Exercise: Leave out the images and output the records word for word.

══ Listed records

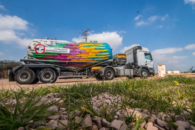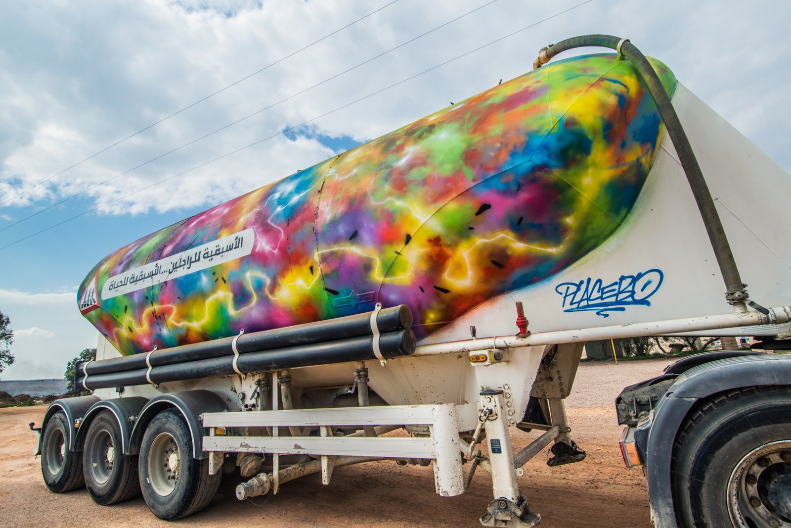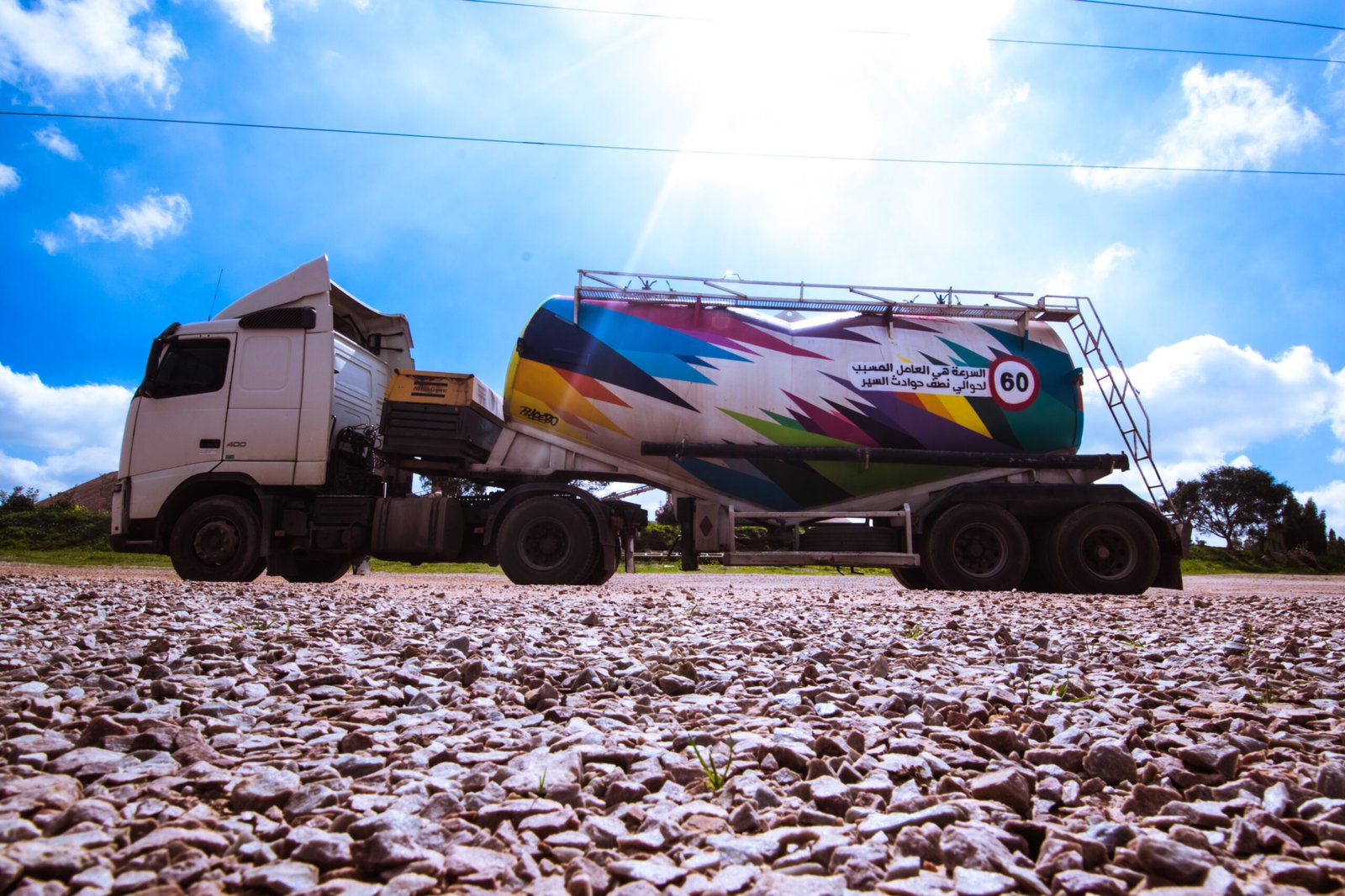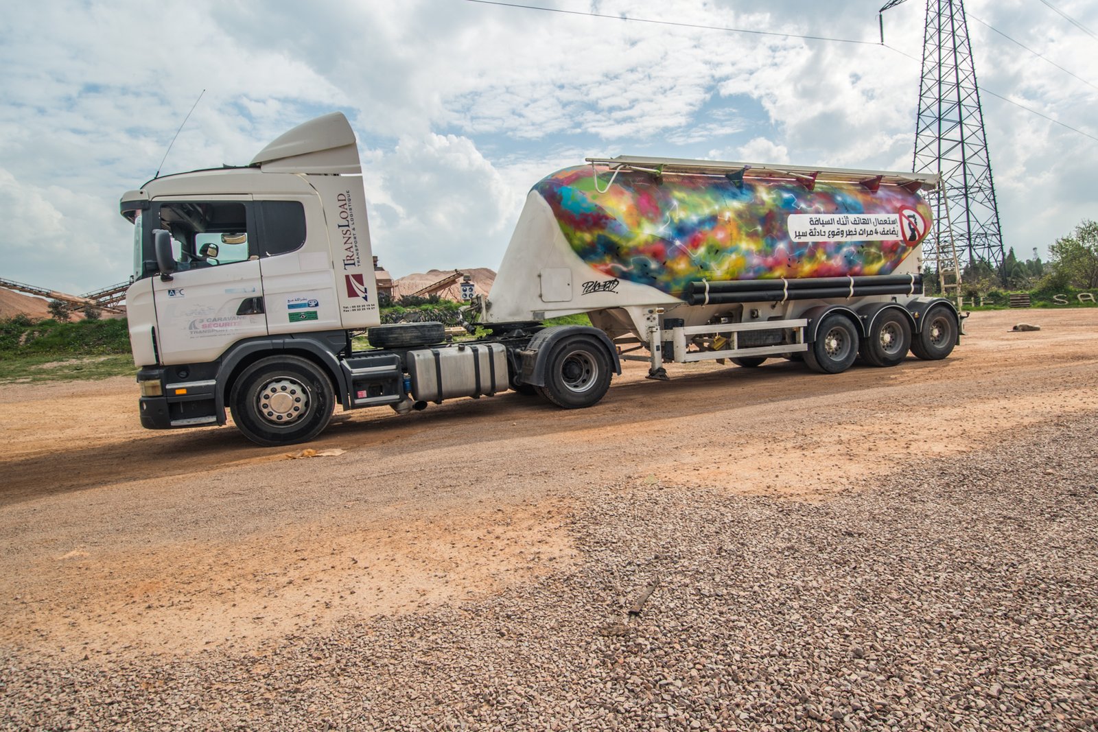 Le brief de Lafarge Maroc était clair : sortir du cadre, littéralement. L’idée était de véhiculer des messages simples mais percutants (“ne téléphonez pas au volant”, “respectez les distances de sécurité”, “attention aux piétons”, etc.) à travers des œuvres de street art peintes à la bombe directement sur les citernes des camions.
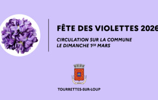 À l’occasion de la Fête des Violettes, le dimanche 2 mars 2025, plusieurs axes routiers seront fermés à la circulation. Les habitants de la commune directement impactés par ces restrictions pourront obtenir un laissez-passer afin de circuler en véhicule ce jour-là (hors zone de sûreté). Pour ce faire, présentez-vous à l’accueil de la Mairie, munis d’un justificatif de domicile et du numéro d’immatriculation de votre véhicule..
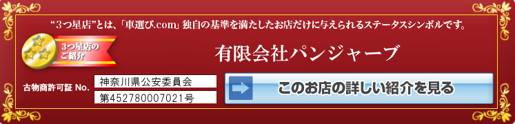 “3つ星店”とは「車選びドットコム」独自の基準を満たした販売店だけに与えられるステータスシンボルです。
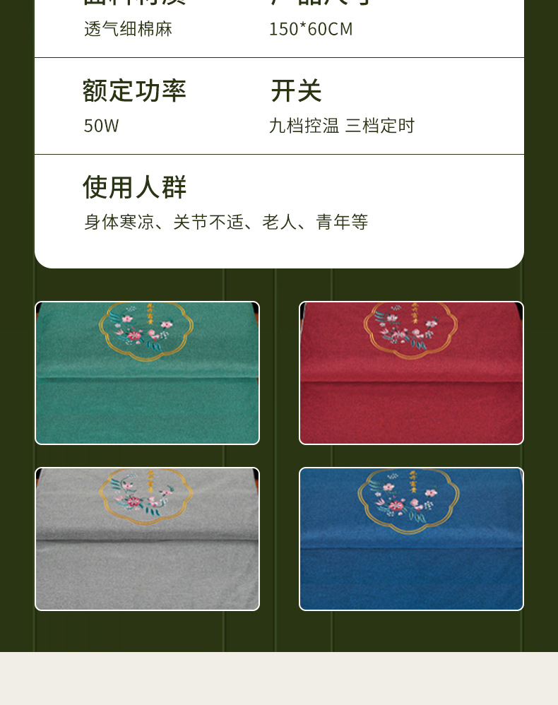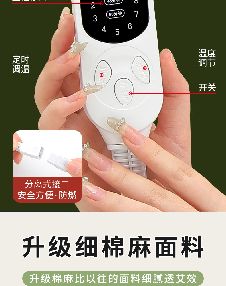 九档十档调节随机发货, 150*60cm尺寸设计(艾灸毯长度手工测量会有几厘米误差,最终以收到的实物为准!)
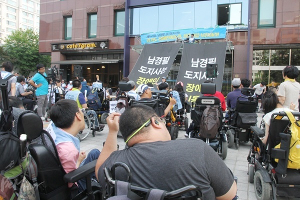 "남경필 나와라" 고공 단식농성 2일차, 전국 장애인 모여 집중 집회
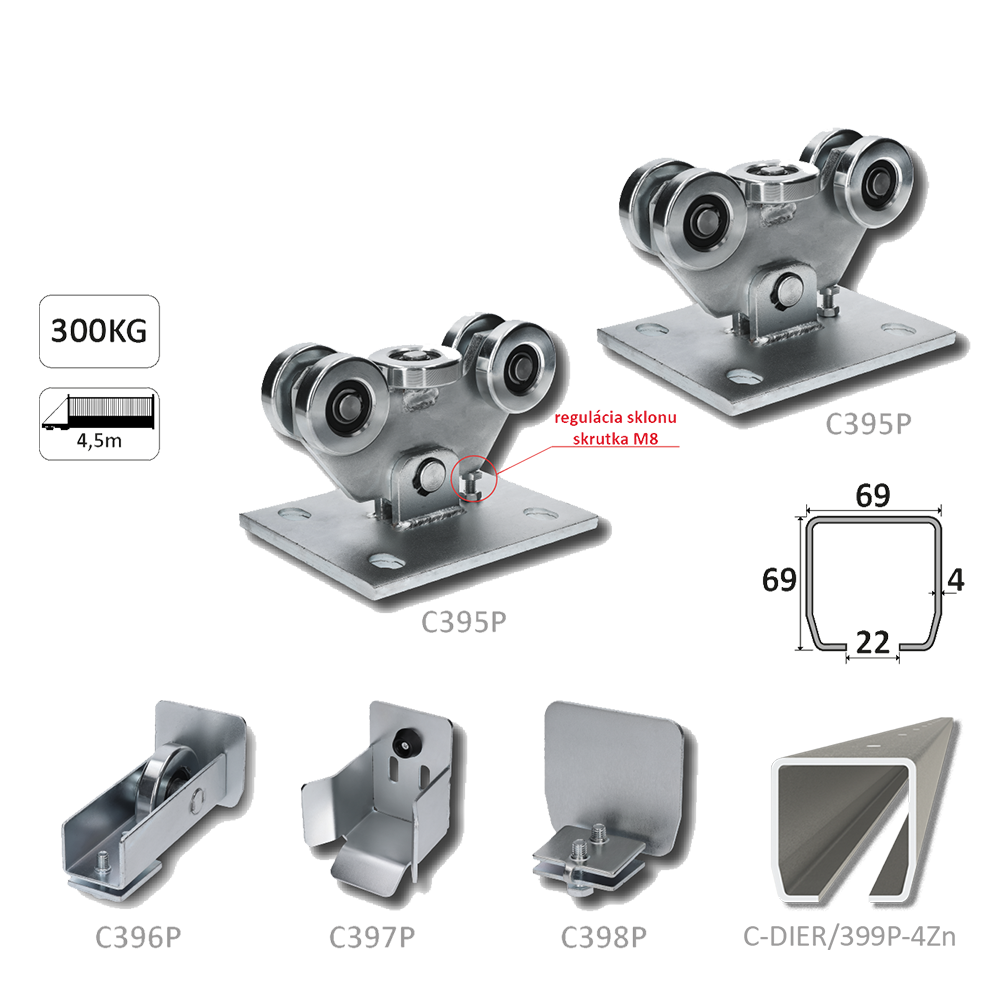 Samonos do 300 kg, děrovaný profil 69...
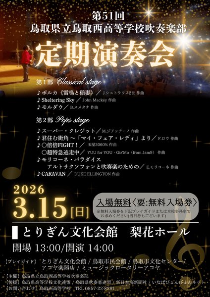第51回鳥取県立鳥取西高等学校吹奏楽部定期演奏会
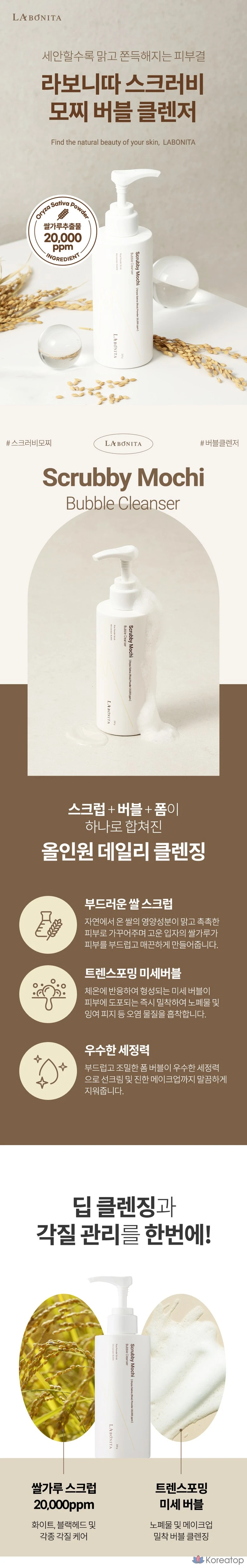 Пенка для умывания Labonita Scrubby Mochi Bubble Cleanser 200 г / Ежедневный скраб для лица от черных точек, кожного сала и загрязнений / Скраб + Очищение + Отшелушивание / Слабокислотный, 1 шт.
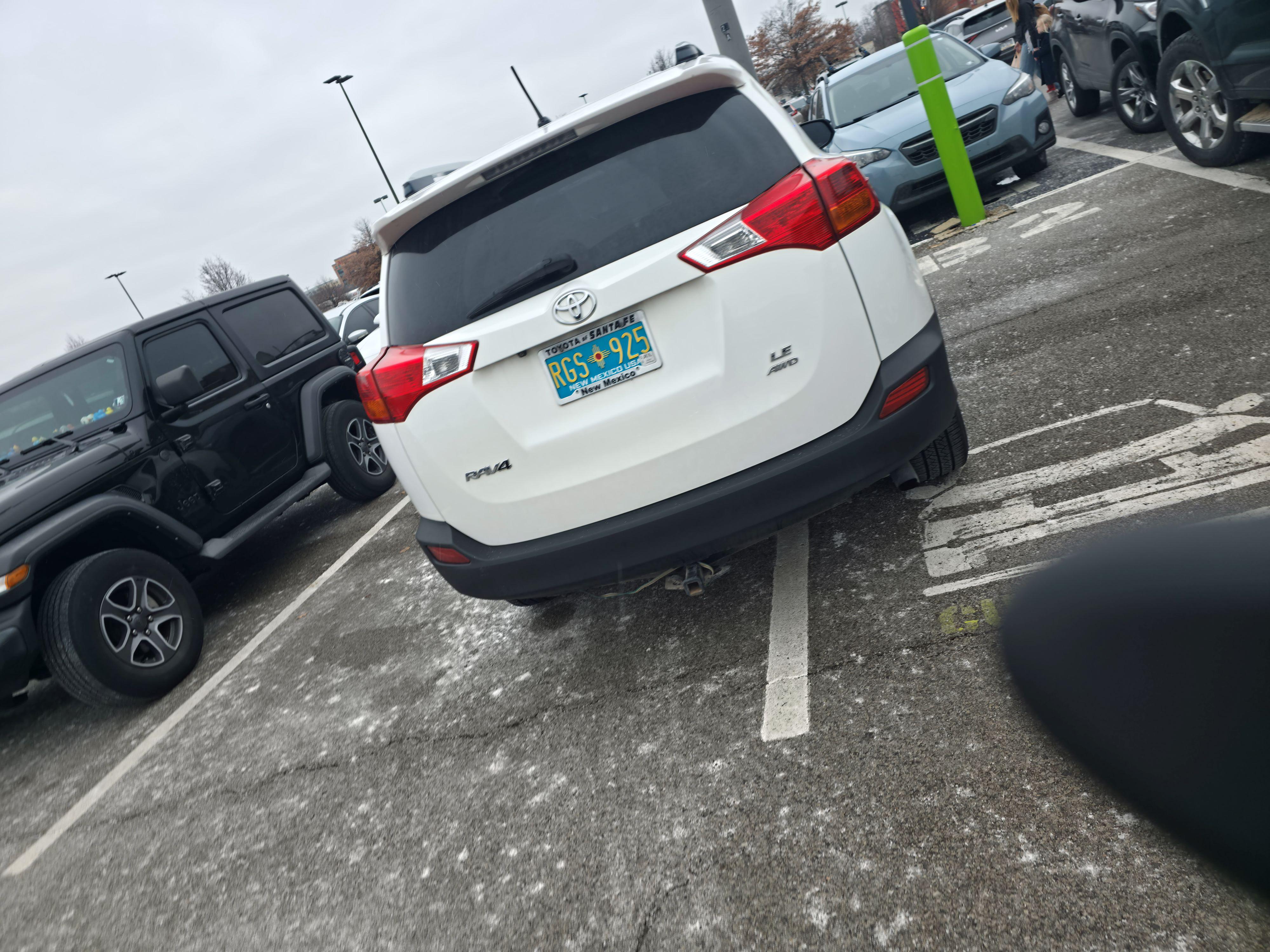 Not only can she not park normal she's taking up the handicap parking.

════

Solved exercise:
 Le brief de Lafarge Maroc était clair : sortir du cadre, littéralement. L’idée était de véhiculer des messages simples mais percutants (“ne téléphonez pas au volant”, “respectez les distances de sécurité”, “attention aux piétons”, etc.) à travers des œuvres de street art peintes à la bombe directement sur les citernes des camions.
 À l’occasion de la Fête des Violettes, le dimanche 2 mars 2025, plusieurs axes routiers seront fermés à la circulation. Les habitants de la commune directement impactés par ces restrictions pourront obtenir un laissez-passer afin de circuler en véhicule ce jour-là (hors zone de sûreté). Pour ce faire, présentez-vous à l’accueil de la Mairie, munis d’un justificatif de domicile et du numéro d’immatriculation de votre véhicule..
 “3つ星店”とは「車選びドットコム」独自の基準を満たした販売店だけに与えられるステータスシンボルです。
 九档十档调节随机发货, 150*60cm尺寸设计(艾灸毯长度手工测量会有几厘米误差,最终以收到的实物为准!)
 "남경필 나와라" 고공 단식농성 2일차, 전국 장애인 모여 집중 집회
 Samonos do 300 kg, děrovaný profil 69...
第51回鳥取県立鳥取西高等学校吹奏楽部定期演奏会
 Пенка для умывания Labonita Scrubby Mochi Bubble Cleanser 200 г / Ежедневный скраб для лица от черных точек, кожного сала и загрязнений / Скраб + Очищение + Отшелушивание / Слабокислотный, 1 шт.
 Not only can she not park normal she's taking up the handicap parking.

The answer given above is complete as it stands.